The task
Excluding images, repeat the data exactly as given.

-- Stored data follows --

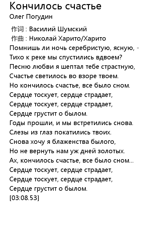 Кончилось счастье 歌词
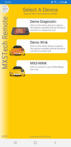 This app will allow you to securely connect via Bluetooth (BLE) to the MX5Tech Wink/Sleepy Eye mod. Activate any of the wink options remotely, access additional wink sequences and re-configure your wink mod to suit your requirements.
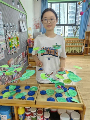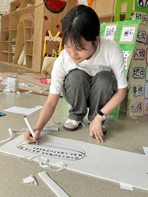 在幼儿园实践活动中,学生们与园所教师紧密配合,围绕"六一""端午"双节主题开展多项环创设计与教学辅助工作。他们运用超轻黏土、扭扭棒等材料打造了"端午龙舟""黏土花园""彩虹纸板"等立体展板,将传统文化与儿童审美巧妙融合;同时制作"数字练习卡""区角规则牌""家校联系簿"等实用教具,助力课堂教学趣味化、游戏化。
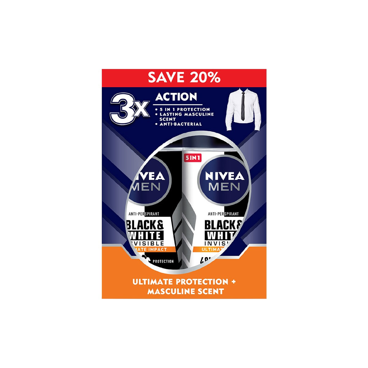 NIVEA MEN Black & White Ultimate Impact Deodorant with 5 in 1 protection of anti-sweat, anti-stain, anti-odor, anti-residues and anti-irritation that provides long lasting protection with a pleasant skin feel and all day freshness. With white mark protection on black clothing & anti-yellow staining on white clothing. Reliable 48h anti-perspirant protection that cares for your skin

-- Stored data concluded --

Solution to the exercise
 Кончилось счастье 歌词
 This app will allow you to securely connect via Bluetooth (BLE) to the MX5Tech Wink/Sleepy Eye mod. Activate any of the wink options remotely, access additional wink sequences and re-configure your wink mod to suit your requirements.
 在幼儿园实践活动中,学生们与园所教师紧密配合,围绕"六一""端午"双节主题开展多项环创设计与教学辅助工作。他们运用超轻黏土、扭扭棒等材料打造了"端午龙舟""黏土花园""彩虹纸板"等立体展板,将传统文化与儿童审美巧妙融合;同时制作"数字练习卡""区角规则牌""家校联系簿"等实用教具,助力课堂教学趣味化、游戏化。
 NIVEA MEN Black & White Ultimate Impact Deodorant with 5 in 1 protection of anti-sweat, anti-stain, anti-odor, anti-residues and anti-irritation that provides long lasting protection with a pleasant skin feel and all day freshness. With white mark protection on black clothing & anti-yellow staining on white clothing. Reliable 48h anti-perspirant protection that cares for your skin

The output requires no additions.